Hi,
first of all:
1. Please use the mailing list.
http://weitz.de/cl-ppcre/#mail
2. It's called CL-PPCRE and not PCRE. PCRE is something else... :)
On Tue, 13 Feb 2007 12:23:36 -0800 (PST), Brent Fulgham bfulg@pacbell.net wrote:
Although your Lisp implementation of a Perl-compatible regular expression engine already handily beats the original Perl version, it could be modified to be even faster for expressions that do not contain back-references. See the following article that discusses the 1960's-era algorithm used in Awk/Grep that discusses this (http://swtch.com/~rsc/regexp/regexp1.html).
In my testing, CL-PCRE isn't quite faster than Perl, though it makes a very creditable showing (http://shootout.alioth.debian.org/debian/benchmark.php?test=regexdna%E2%8C%A...). Tcl, which uses the "Thompson DFA" algorithm discussed in the paper I referenced is nearly an order of magnitude faster on this benchmark than Perl.
Please let me know if you have any interest exploring this. I might try to play with this and see if I can make any headway...
I'm aware of the advantages of DFAs over NFAs for "simple" regular expressions, but I shied away from them until now because having two engines in CL-PPCRE would make the code base even bigger and more complicated than it already is. (And having /only/ a DFA engine wouldn't be enough, right? I haven't read the article yet, but I'm pretty sure you'd have to let go some of Perl's more advanced regex features.)
Also, although I boast about CL-PPCRE's performance on its web site, I'm not too concerned about its speed anymore. It's fast enough for what I'm doing with it.

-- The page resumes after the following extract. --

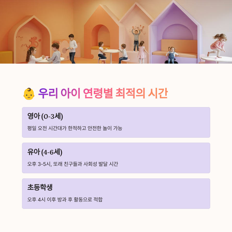 아이의 연령에 따라 키즈카페 방문 시간을 전략적으로 선택하면 더 쾌적하게 이용할 수 있어요.
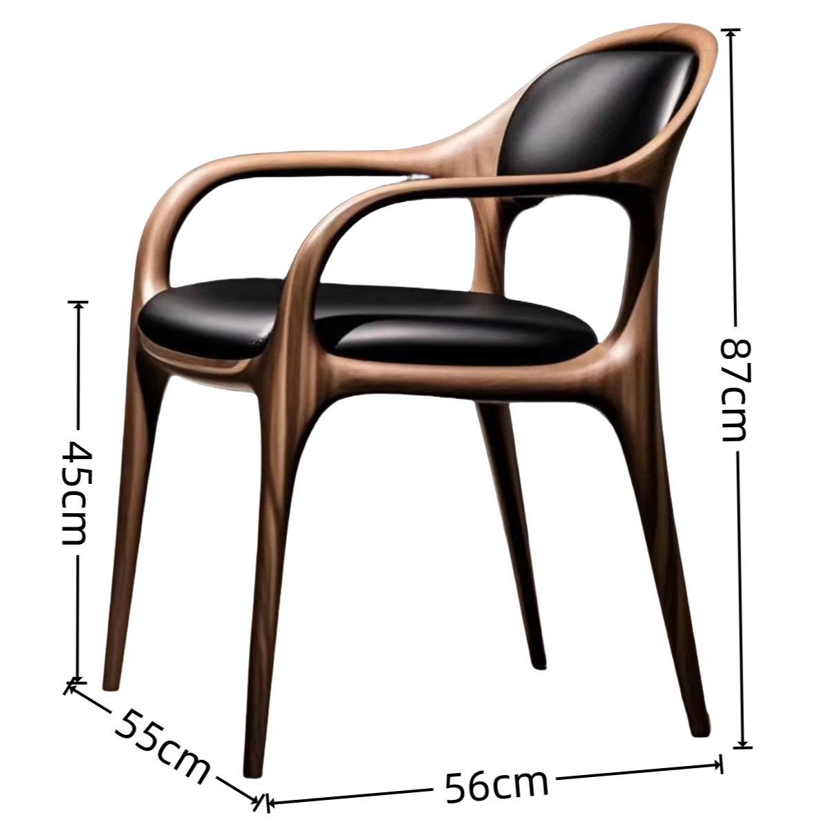 Nordic minimalist wooden armchair with solid walnut leather back for home use

Having said that, the idea of automatically switching to a fast DFA engine if possible (I guess this is what you want to do) is kind of tempting. If you come up with something that's really a big improvement and adheres to CL-PPCREs current coding and documentation standards, I'd be willing to review and possibly integrate it. Right now, I'm to busy to help with that, though.
Cheers, Edi.